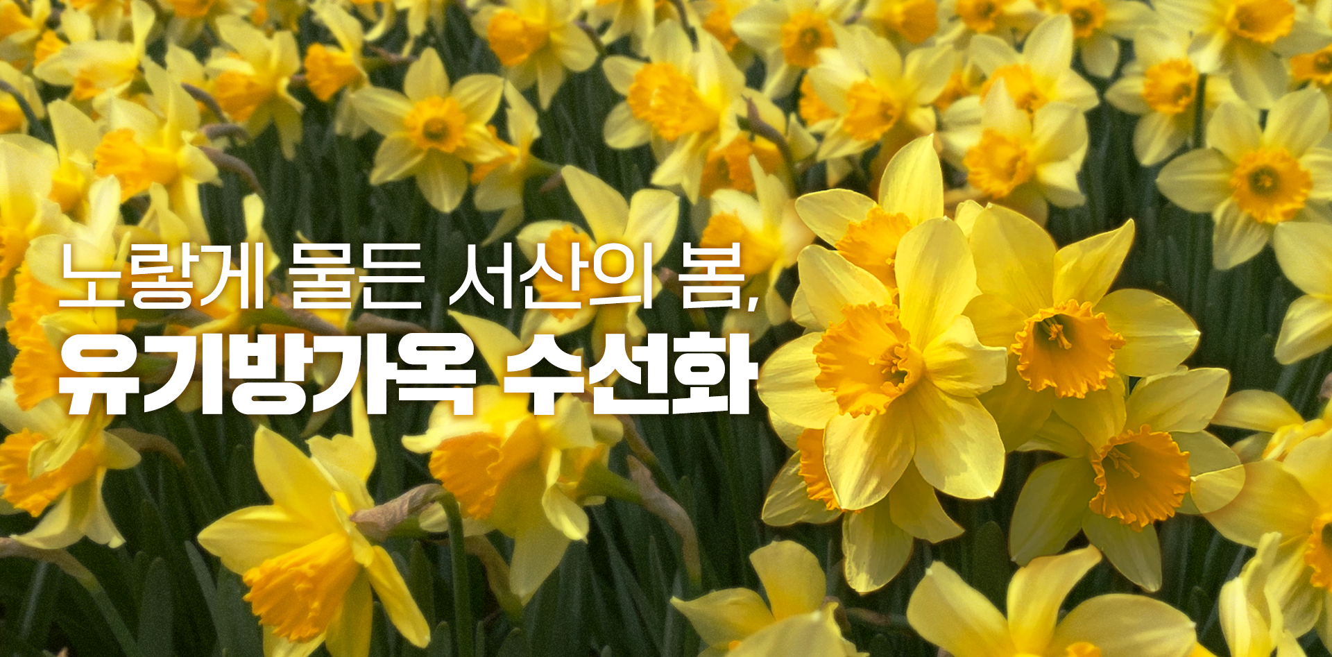 주말에 봄비가 내리고 꽃이 피기 시작하면서 봄이 한걸음 더 다가오고 있는데요. 서산에는 수선화 꽃으로 유명한 ‘유기방가옥’이라는 명소가 있습니다. ‘미스터 선샤인’, ‘직장의 신’ 등 드라마에도 등장해 더욱 알려진 서산 유기방가옥의 올해 수선화풍경 관람 기간은 3월 12일부터 4월 말까지인데요. 노란 수선화 꽃으로 물들기 시작한 서산 유기방가옥의 봄 풍경으로 함께 떠나볼까요?
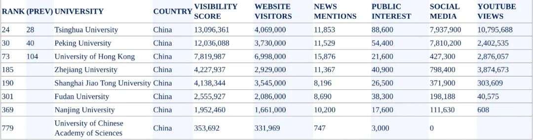 GUV排名是一个专门衡量全球1000所大学知名度的排名,看的就是大学的品牌实力和影响力。
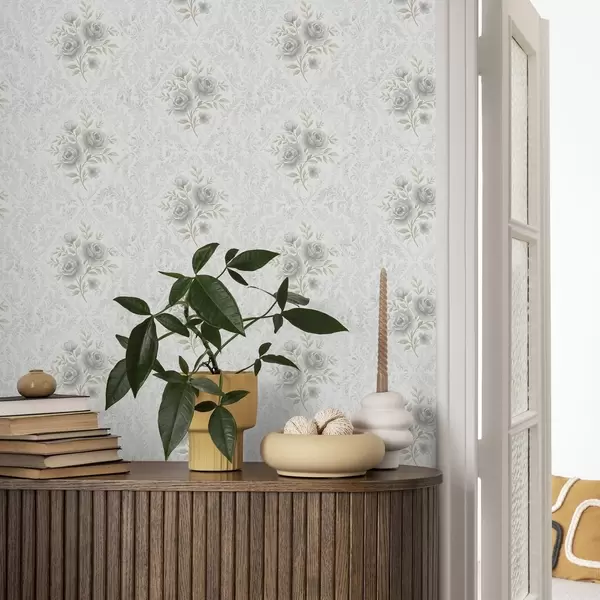 Tapeta Svijetli damast uzorak sa sivim ružama u mekim dijamantima br. a01024
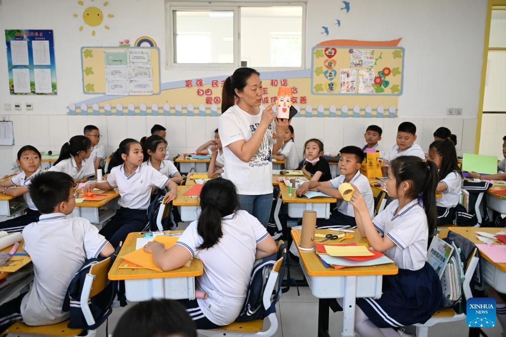 A teacher demonstrates as students look on in a handicraft class at a primary school in Xiong'an New Area, north China's Hebei Province, May 21, 2024. (Xinhua/Mu Yu)
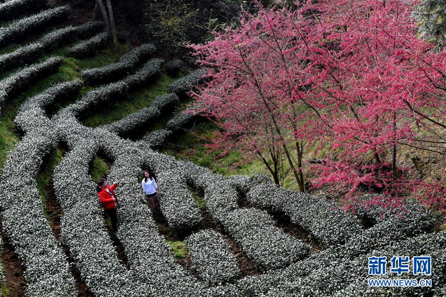 福建省连城县赖源乡黄宗村海拔1000余米的高山茶园面积约千亩,园内套种一万余棵樱花树。寒冬时节,绽放的樱花与绿色茶园相互映衬,宛如一幅田园画卷。
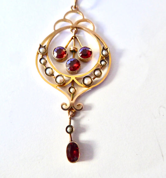 9ct. Garnet & Pearl Pendant
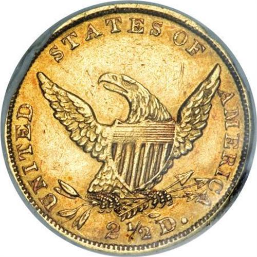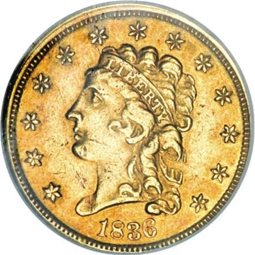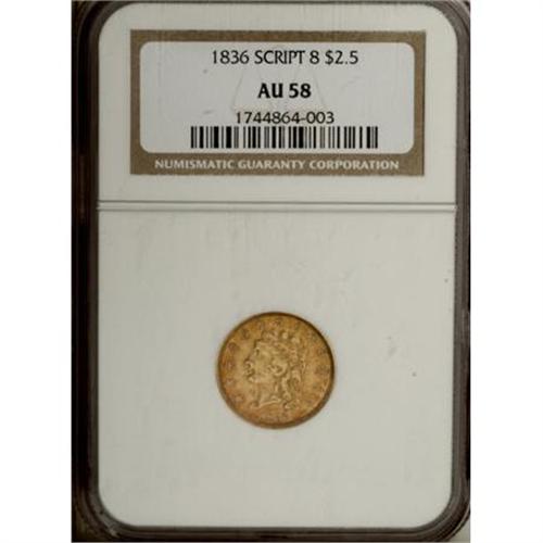 <B>1836 $2 1/2 Script 8 AU58 NGC.</B></I> Head of 1835, Breen-6143, McCloskey-D, R.2. Many examples of the Script 8, Head of 1835 variant show a die crack from star 6 to the nearby hair curl, as does this piece. The beautiful deep orange peripheral color cedes to moderate golden-yellow in the centers. A few light abrasions on the portrait are consistent with the near-Mint State grade.<BR><BR><B>Coin Engraver:</B> William Kneass<BR><BR><b>Shipping:</b> Coins & Currency (<a target="_blank" href="http://www.heritageauctions.com/common/shipping.php">view shipping information</a>)

**To do**
For this task, give again exactly the lines from the line with "A teacher demonstrates" through the end of the entries, including both ends, and omit the pictures.

**Task result**
 A teacher demonstrates as students look on in a handicraft class at a primary school in Xiong'an New Area, north China's Hebei Province, May 21, 2024. (Xinhua/Mu Yu)
 福建省连城县赖源乡黄宗村海拔1000余米的高山茶园面积约千亩,园内套种一万余棵樱花树。寒冬时节,绽放的樱花与绿色茶园相互映衬,宛如一幅田园画卷。
 9ct. Garnet & Pearl Pendant
 <B>1836 $2 1/2 Script 8 AU58 NGC.</B></I> Head of 1835, Breen-6143, McCloskey-D, R.2. Many examples of the Script 8, Head of 1835 variant show a die crack from star 6 to the nearby hair curl, as does this piece. The beautiful deep orange peripheral color cedes to moderate golden-yellow in the centers. A few light abrasions on the portrait are consistent with the near-Mint State grade.<BR><BR><B>Coin Engraver:</B> William Kneass<BR><BR><b>Shipping:</b> Coins & Currency (<a target="_blank" href="http://www.heritageauctions.com/common/shipping.php">view shipping information</a>)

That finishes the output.